951-Officials, Societies, and Institutions. Non-governmental officials were coded into this category.
952-Managers, Officials, and Proprietors, (Not Elsewhere Classified). General Managers, Secretaries and Superintendents were coded in this category, if their industry was not indicated.
953-Government Officials, Level Unknown. This was a group of minor officials, tax assessors, road commissioners, etc.
954-Inspectors. When the type was unknown, inspectors were coded here.
955-Foremen. Foremen with no industry given or with an unclassifiable industry.
956-Box Makers (Type Unknown).
957-Vehicle Makers, Repairers (Type Unknown). Boat and ship builders, car and engine repairers with the type unspecified.
The following occupational categories were used for non-occupational responses recorded under the occupational title.
961-At school. This included all types of schools, theological schools, law schools, theological schools, Indian schools, etc.
962-Housewife. These domestic occupations should not have been recorded by enumerators, but when they were, the individual was coded into this category (see also 947 above).
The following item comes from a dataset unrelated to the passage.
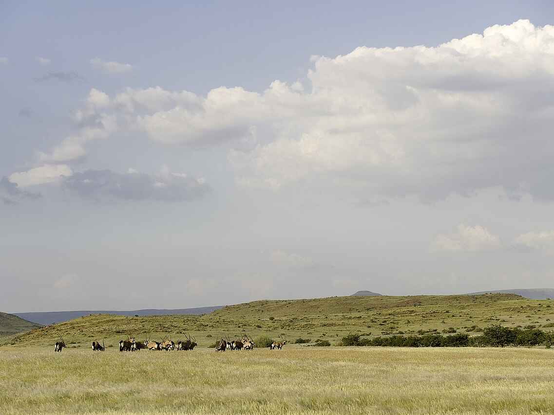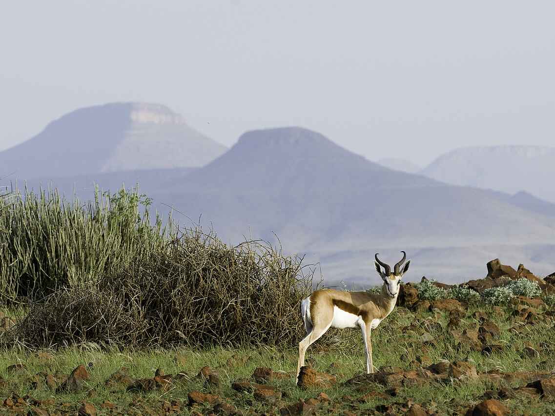 Bergzebras, Antilopen, Springböcke, Kudus, Löwen, Leoparden, Hyänen, Geparden, diverse Vogelarten, Erdmännchen, Spitzmaulnashorn, wahrscheinlich die größte freilebende, nicht durch einen Nationalpark geschützte Population. Wüstenelefanten.

966-Landlord. This was not recognized as an occupation in the 1900 tabulations, but it was often recorded by enumerators.
967-Inmate. A number of inmates in group quarters situations reported gainful occupations. For our coding purposes, group quarters primaries who were considered to be inmates of involuntary institutions were automatically given the occupation code 967 for inmate. Any occupation reported for them was ignored. Group quarters codes for which this was done were 00, 01, 02, 03, 04, 06, 14, and 19.
969-Other Non-occupation. Includes non-occupational titles such as "Infant," "Pensioner," "Pauper," and "Tourist," as well as underworld titles such as "Prostitute" and "Gambler."
976-Child labor-farm. Children under 10 reporting farm occupations were given this code.
977-Child labor-domestic. Children under 10 in domestic service.
978-Child labor-other. Children under 10 with other occupations such as factory work.
999-No occupation reported (blank).
- Stephen N. Graham, "Chapter 8: Occupation Coding," 1900 Public Use Sample: User's Handbook (Draft Version), Seattle: Center for Studies in Demography and Ecology, University of Washington, 1980, pp. 72-77.